What appear to be new and even exciting developments often turn out to be a repetition of previous patterns. Consider this example: Since the crisis of 2008–9, which Europe has not yet overcome, economic cuts and reforms have often been presented to the public as “necessary,” “unavoidable,” and “the only alternative.” The echoes of the Thatcherite slogan “There is no alternative” (parodied with the acronym TINA) will be unmistakable to anyone who lived in England in the eighties, or Poland in the nineties, or Germany in the new millennium. This mode of public debate can be situated within the larger context of neoliberal discourses. They are of course familiar to the West, but were particularly pronounced in postcommunist transition countries, which therefore deserve special attention in this consideration of the most recent period of European history. Neoliberalism has relied on a certain rhetorical toolkit to legitimize radical reforms, social cuts, and other controversial policies. This book devotes much attention to neoliberal discourse, the analysis of which can be more revealing than the assessment of quantitative data. Percentages and growth statistics should always be interpreted with a grain of salt.

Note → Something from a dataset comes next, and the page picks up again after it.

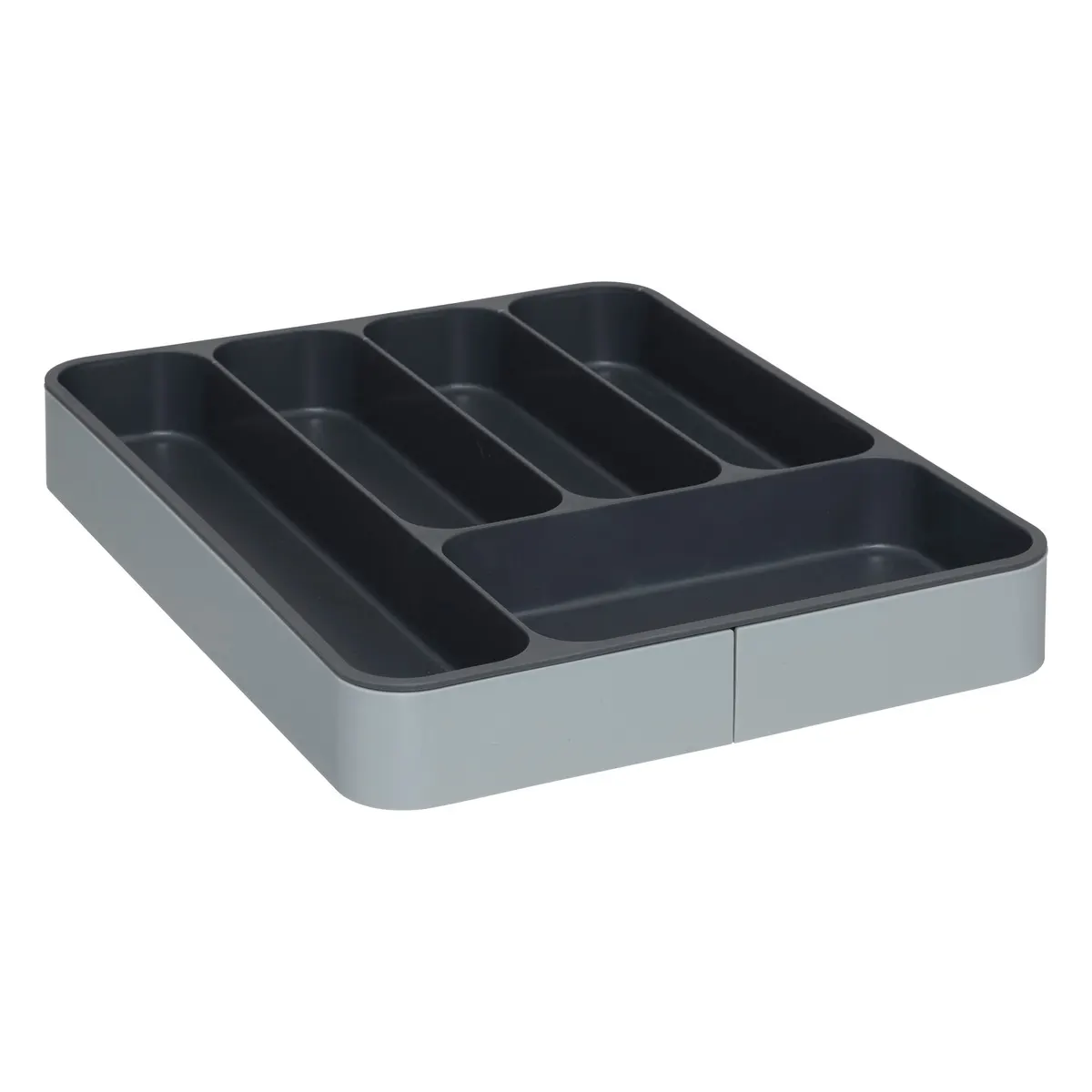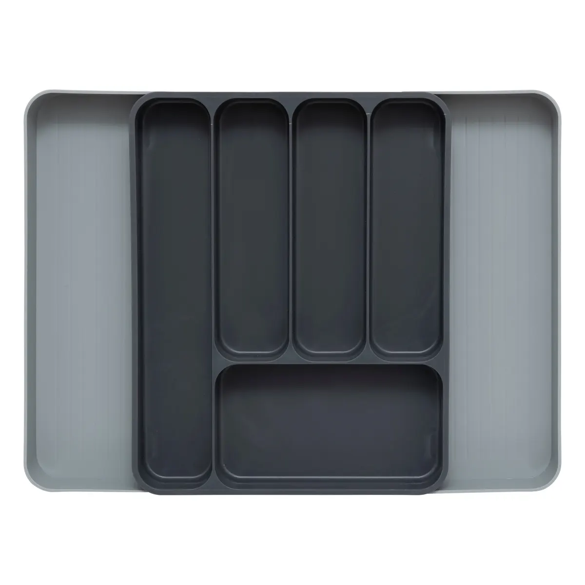 Model ten wyposażony jest w siedem komór przy rozłożeniu, lub pięć komór w wersji złożonej, które zapewniają wygodne rozmieszczenie sztućców, noży oraz przyborów kuchennych. Dzięki funkcji rozsuwania, organizer poszerza się, tworząc dodatkowe przegródki na większe przybory kuchenne lub akcesoria – wszystko w jednym, starannie zaprojektowanym organizerze. To idealne rozwiązanie dla osób ceniących funkcjonalność i dopracowaną organizację przestrzeni.

The manner in which systems changed from the 1980s on depended to a large degree on the way societies, social groups, and individuals adjusted to enormous challenges. Individual adaptation to the new neoliberal order can also be termed “self-transformation.” The “heroes” of the present book are not the handful of reform politicians, but the millions of individuals who managed to cope with the rapidly changing environment, support their families on monthly incomes of the equivalent of one or two hundred US dollars, and still look ahead with vitality and optimism. Europe today seems almost to have lost this sense of possibility and confidence in the future. Perhaps the Eastern European experiences of the early nineties can be useful for dealing with the present-day economic and social crises. Although these are certainly severe, especially in Greece, other societies can be shown to have overcome similar circumstances in quite recent history.